What to work on: Beginning with the first line, retype exactly the records below up to and including the line with "He succeeded George"; pictures do not belong in the copy.

=== Section Start ===

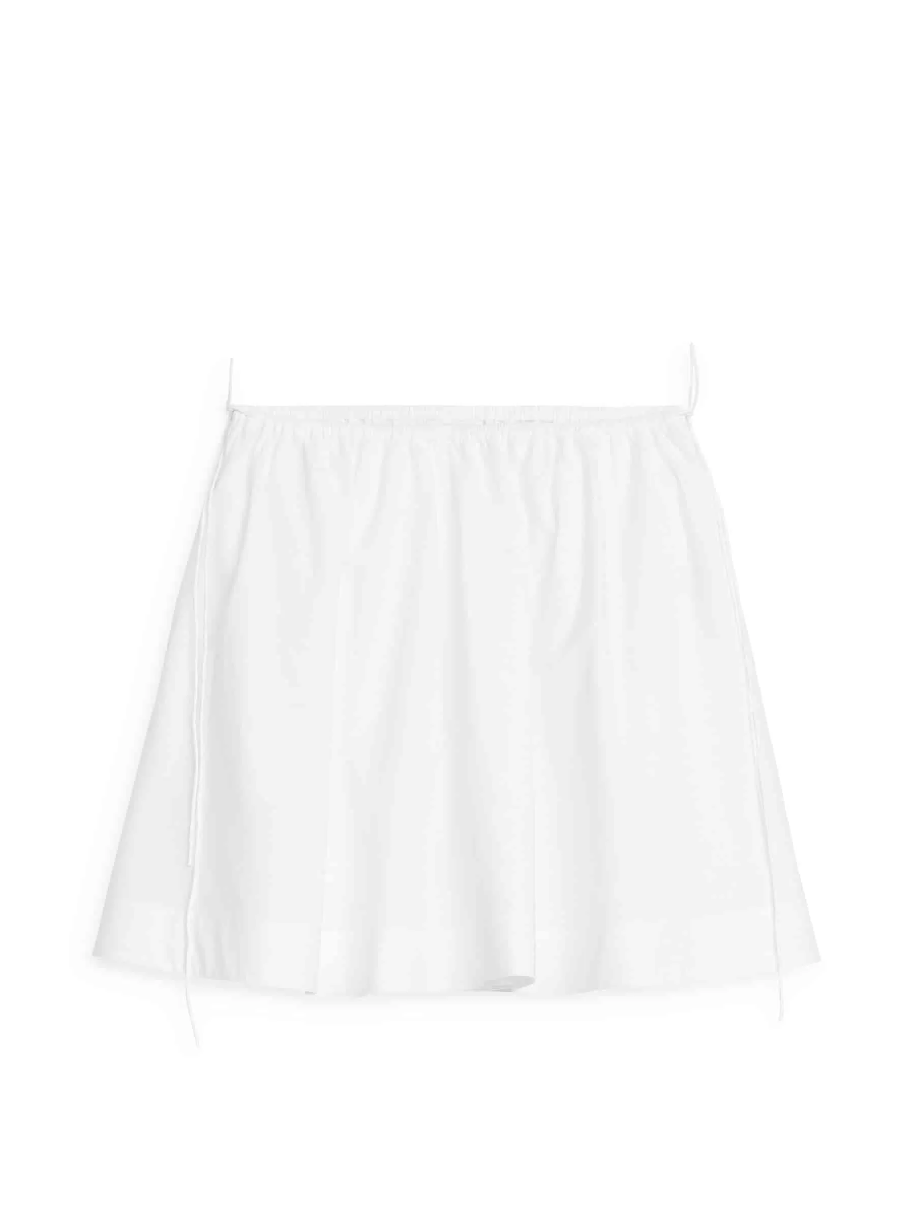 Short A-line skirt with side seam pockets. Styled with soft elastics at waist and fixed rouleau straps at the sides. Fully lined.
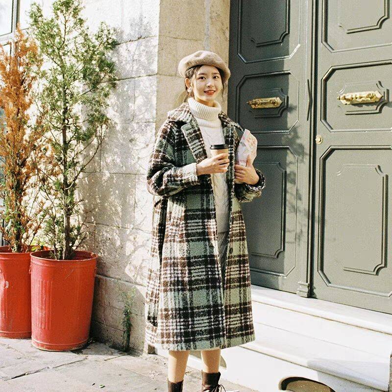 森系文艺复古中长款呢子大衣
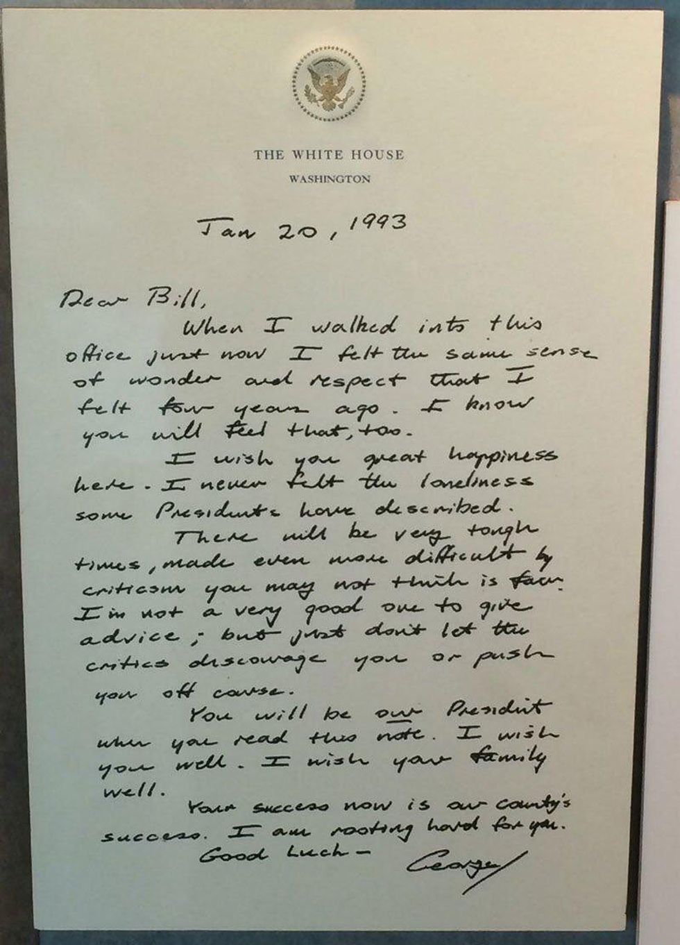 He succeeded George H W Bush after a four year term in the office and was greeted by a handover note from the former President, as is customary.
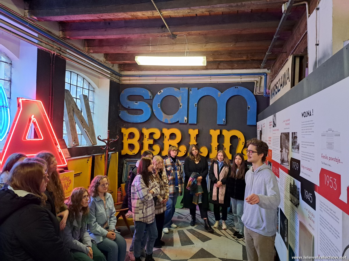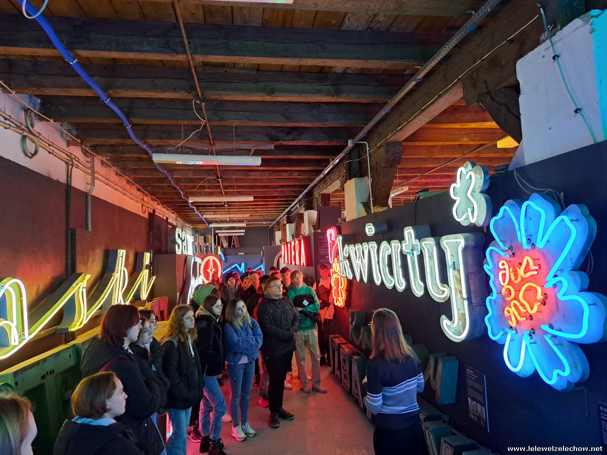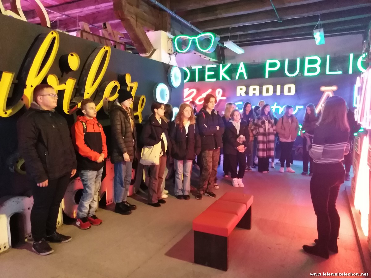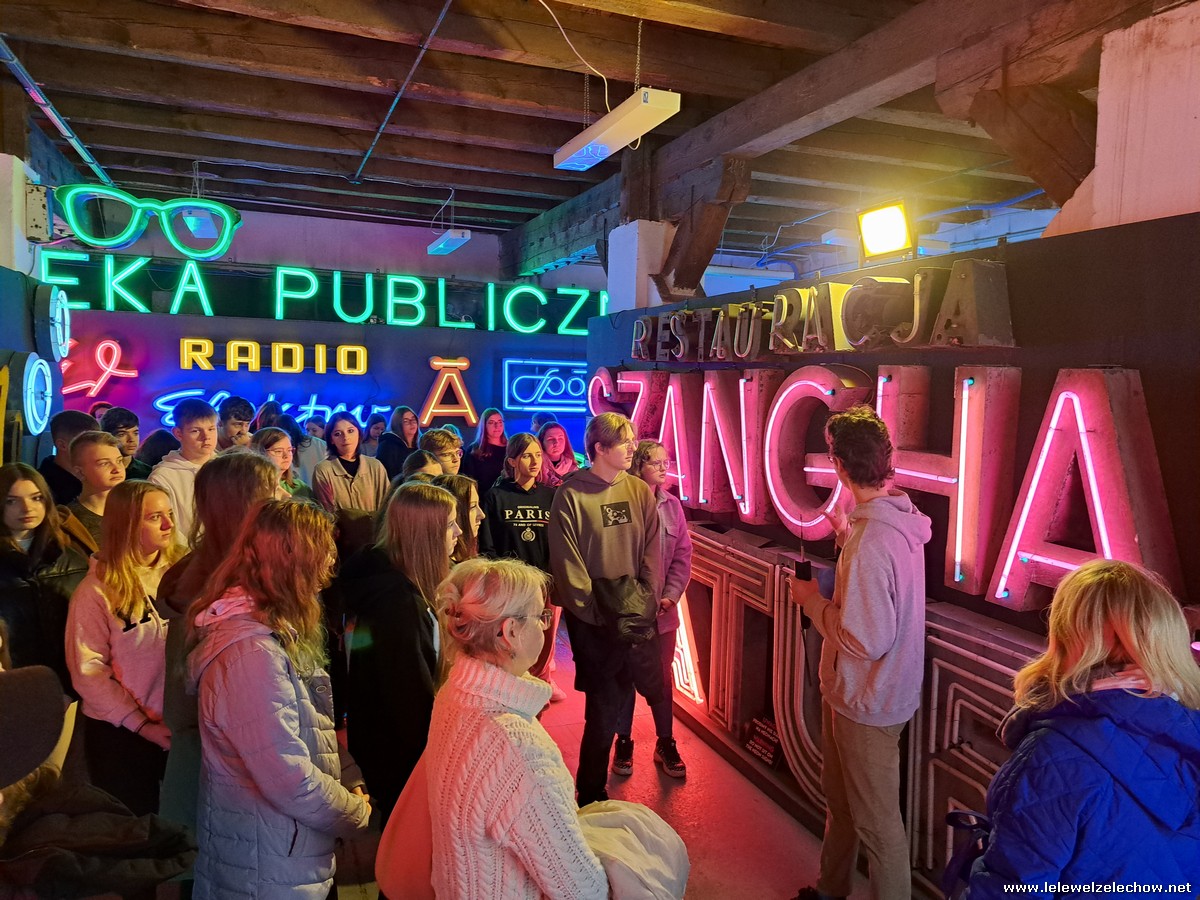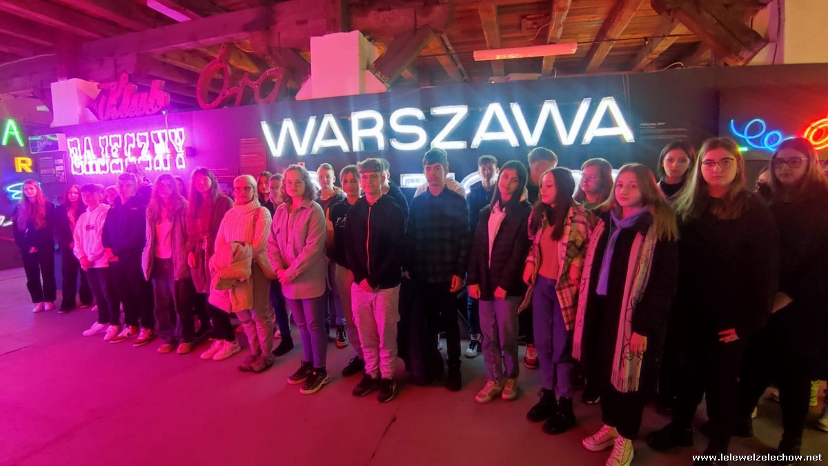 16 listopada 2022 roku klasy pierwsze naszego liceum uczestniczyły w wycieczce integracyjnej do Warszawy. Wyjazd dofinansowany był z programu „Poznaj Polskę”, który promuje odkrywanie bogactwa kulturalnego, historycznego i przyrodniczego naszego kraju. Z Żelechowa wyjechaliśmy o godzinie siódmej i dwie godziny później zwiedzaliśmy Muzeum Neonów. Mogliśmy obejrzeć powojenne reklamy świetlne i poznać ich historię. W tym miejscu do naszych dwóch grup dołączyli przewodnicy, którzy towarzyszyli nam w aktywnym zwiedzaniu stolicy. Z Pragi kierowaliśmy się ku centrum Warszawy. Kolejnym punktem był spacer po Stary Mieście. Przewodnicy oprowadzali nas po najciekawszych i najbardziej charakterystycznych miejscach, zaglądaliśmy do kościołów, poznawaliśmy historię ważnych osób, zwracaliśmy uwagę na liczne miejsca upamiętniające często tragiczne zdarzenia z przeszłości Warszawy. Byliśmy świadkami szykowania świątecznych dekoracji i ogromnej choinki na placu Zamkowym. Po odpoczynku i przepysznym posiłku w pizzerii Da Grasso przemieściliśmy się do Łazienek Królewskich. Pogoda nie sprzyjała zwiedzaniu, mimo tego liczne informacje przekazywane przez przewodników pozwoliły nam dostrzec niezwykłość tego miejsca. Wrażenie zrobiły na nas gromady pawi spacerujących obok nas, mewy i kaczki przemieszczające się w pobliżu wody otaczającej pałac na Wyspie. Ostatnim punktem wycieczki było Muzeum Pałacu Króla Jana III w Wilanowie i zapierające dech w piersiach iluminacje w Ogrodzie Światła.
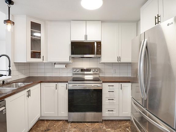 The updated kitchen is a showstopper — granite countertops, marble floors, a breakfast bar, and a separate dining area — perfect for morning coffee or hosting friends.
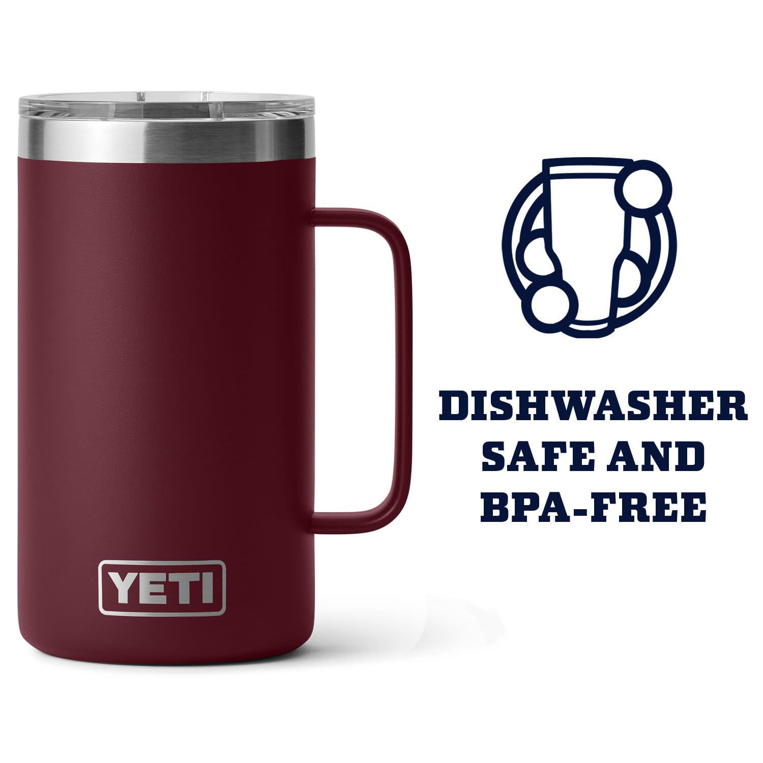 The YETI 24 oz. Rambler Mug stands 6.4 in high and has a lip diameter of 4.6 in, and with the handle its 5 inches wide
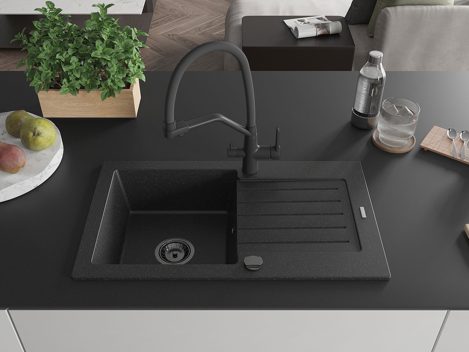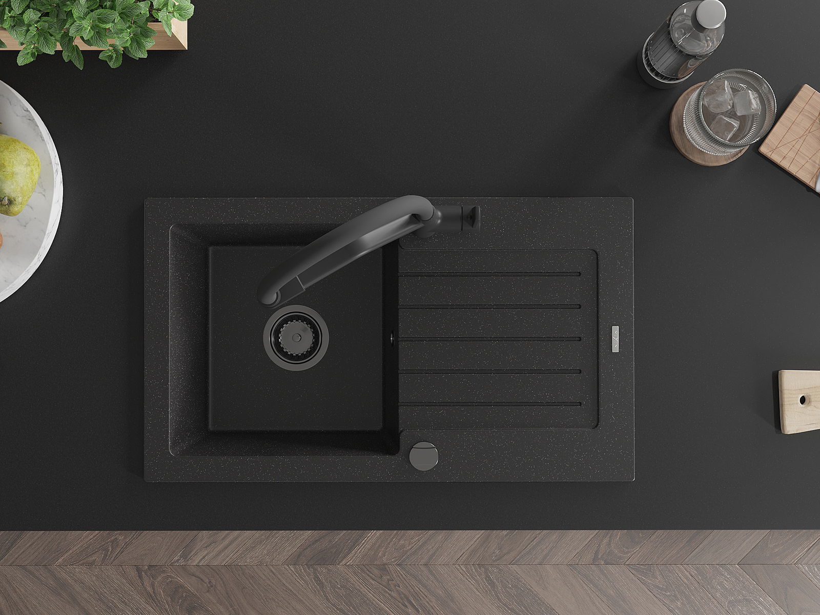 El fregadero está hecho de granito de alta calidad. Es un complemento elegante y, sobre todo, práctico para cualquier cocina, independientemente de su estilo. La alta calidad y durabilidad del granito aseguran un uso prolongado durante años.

=== Section End ===

Expected output:
 Short A-line skirt with side seam pockets. Styled with soft elastics at waist and fixed rouleau straps at the sides. Fully lined.
 森系文艺复古中长款呢子大衣
 He succeeded George H W Bush after a four year term in the office and was greeted by a handover note from the former President, as is customary.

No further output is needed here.